==== TASK INPUT ====
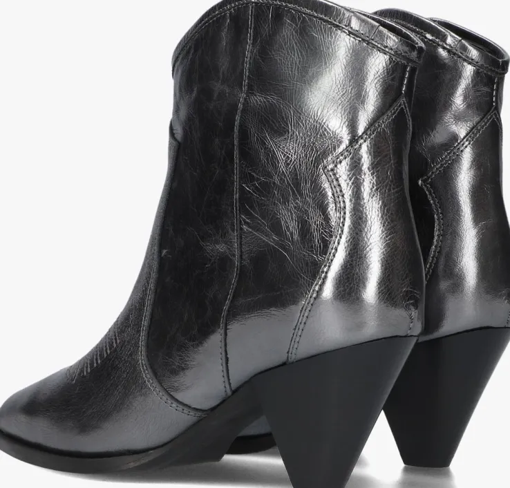 Ben je op zoek naar unieke laarsjes met een vrouwelijke touch? En wil je dat ze ook nog eens lekker comfortabel lopen? Dan is dit model een hele goede kandidaat om aan jouw schoenengarderobe toe te voegen! Deze zilverkleurige enkellaars CREAM met city western afwerking van het merk TORAL kenmerkt zich door de mooie accenten zoals de spitse neus en de kegelhak. Ook de vorm van de schacht is uniek, doordat hij afgerond is en hem een nette stoere geeft. Het bovenwerk bestaat uit hoogwaardig leer en dit model heeft een binnenvoering van leer en een vast voetbed met dempende schuimlaag. Extra tof is de brede zoolrand, het stikwerk op de voorvoet en de opgestikte patronen op de schacht. De laars blijft goed aan je voet zitten, door de elastishe band in de schoen. De zool is van rubber en heeft een fijn profiel wat samen met de kunststof haktip voor een goede grip zorgt. De hak is ruim 7 centimeter hoog en de schacht heeft een hoogte van bijna 15 centimeter. Combineer ‘m elegant met jouw lievelingsjurk!
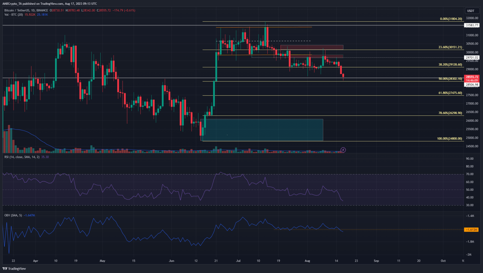 The market structure on the daily chart was flipped bearish on 24 July when Bitcoin fell below the $29.5k level, revealing bearish intent. Over the past three days, the $29.1k level was ceded to the sellers as well.
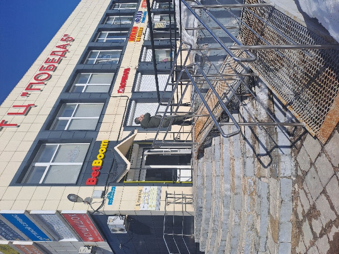 The image displays the exterior of a commercial building, specifically "Shopping Center 'Pobeda 5'" located at Lenin Street, 1A, in Yegoryevsk, Russia. The two-story building features a facade of beige and dark grey panels under a clear blue sky. Large red letters spelling "ТЦ 'ПОБЕДА 5'" are affixed to the top floor. Below, a prominent "BetBoom" sign, in red and yellow, marks a central entrance. Additional business signs for "Nail Service" and "Sushishok" are visible on the building's left corner. Access to the main entrance is facilitated by a wide, worn set of concrete stairs and, to their right, two parallel, rusted perforated metal ramps with shiny chrome handrails. Patches of snow and ice are present on the ramps and along the base of the structure, indicating cold conditions. One individual, wearing a dark-colored hooded jacket, stands on the paved landing at the top of the stairs and ramps. This person is positioned facing to the right, with their left hand raised to their ear, consistent with being engaged in a phone call. Strong sunlight casts distinct shadows from the railings and building across the entry area.
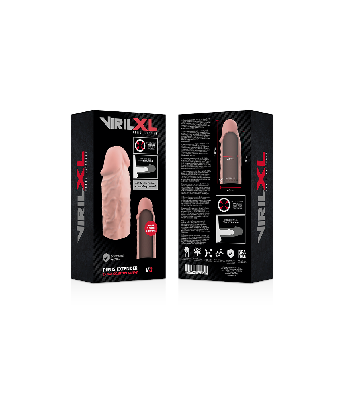 Aumenta tu grosor e intensifica el placer para ambos con esta funda para el pene VirilXL Extensión. Esta suave y elástica manga se puede recortar, para así adaptarse a la mayoría de los tamaños. Simplemente recorta por donde empieza el glande y ya estas listo para la acción. Sentirás cada sensación y tu pareja disfrutará de un nuevo grosor.
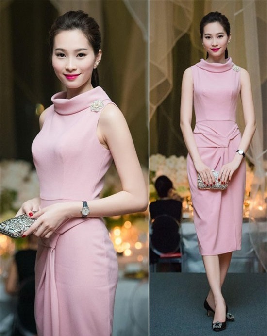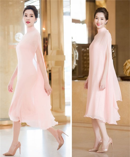 Khó có ngôi sao nào có thể "vượt mặt" được nhan sắc Hoa hậu Thu Thảo khi diện những bộ đồ gam màu hồng pastel.
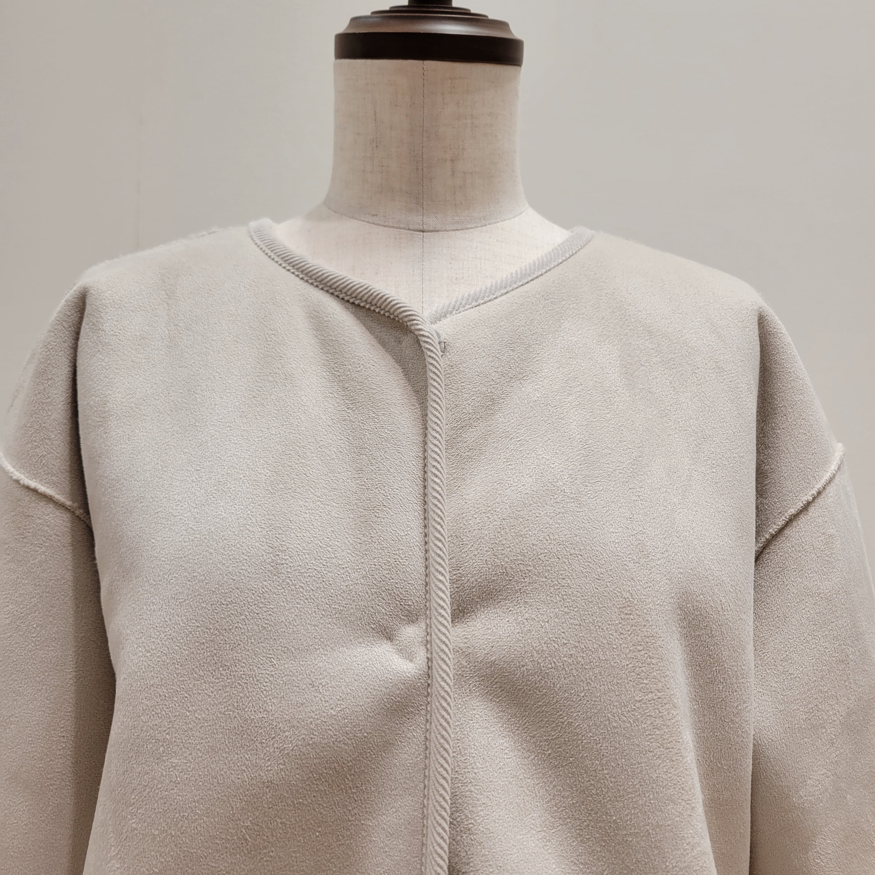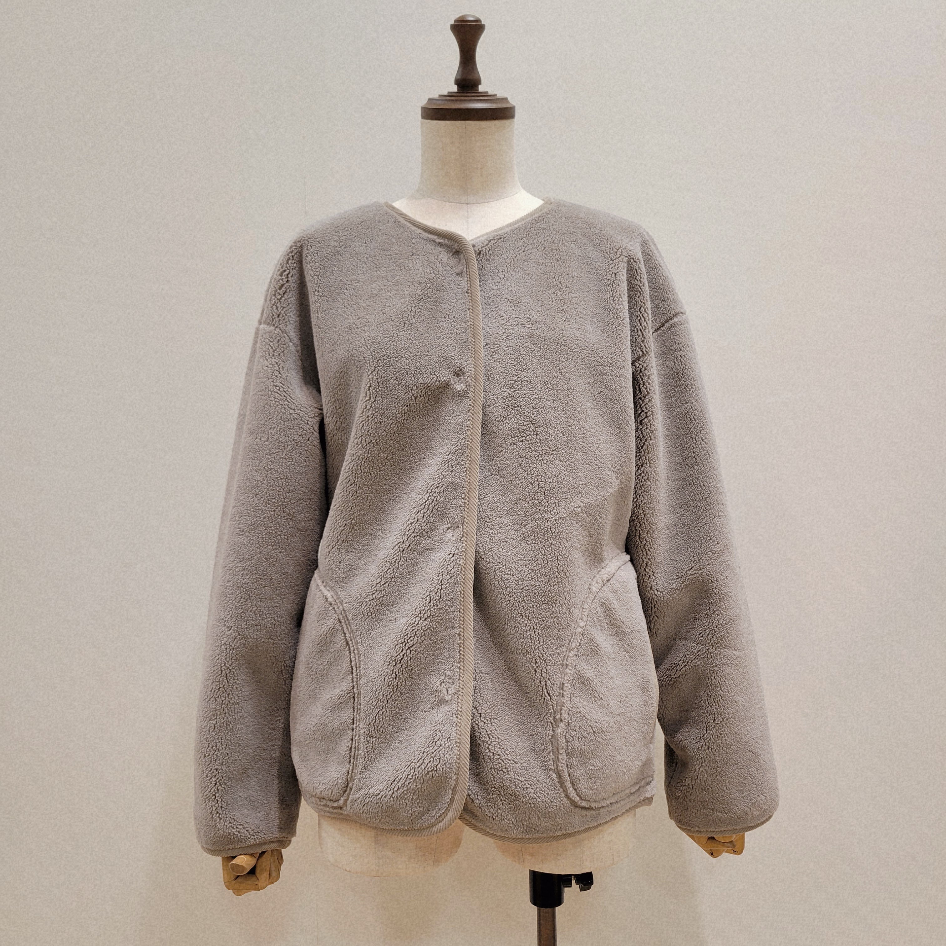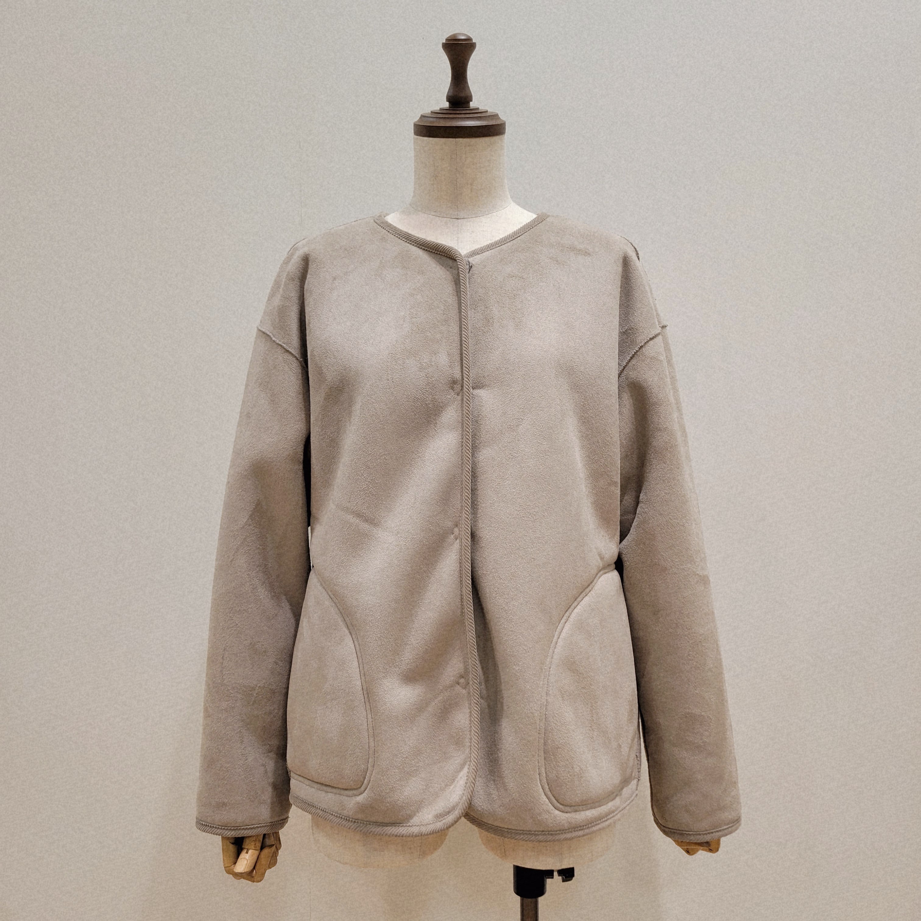 シンプルなオープンフロントデザインが特徴で、気軽に羽織れる一枚です。
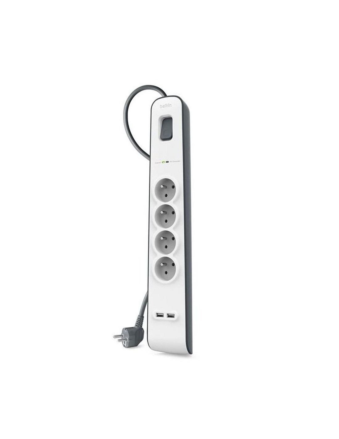 La regleta de protección contra sobretensiones Belkin BSV401VF2M es la solución ideal para proteger y alimentar varios dispositivos electrónicos a la vez. Con 4 tomas de corriente CA y 2 puertos USB, permite conectar ordenadores, portátiles, impresoras, routers y cargar smartphones o tablets con total seguridad. Diseñada con materiales de alta calidad y un sistema de absorción de energía de 525 J, asegura la protección frente a picos de tensión, descargas eléctricas y fluctuaciones de voltaje.
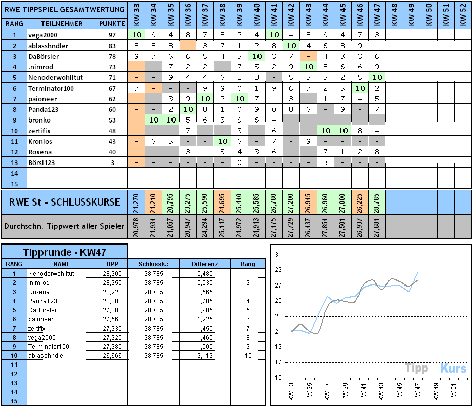 Aktuelle Tippliste KW49: (schon jetzt ein massiver Spread :D)
====
WORK TO BE COMPLETED
Your answer should be the lines above, word for word, from the line with "Khó có ngôi" through the line with "シンプルなオープンフロントデザインが特徴で、気軽に羽織れる一枚です。", minus the pictures.

RESPONSE TO THIS TASK
 Khó có ngôi sao nào có thể "vượt mặt" được nhan sắc Hoa hậu Thu Thảo khi diện những bộ đồ gam màu hồng pastel.
 シンプルなオープンフロントデザインが特徴で、気軽に羽織れる一枚です。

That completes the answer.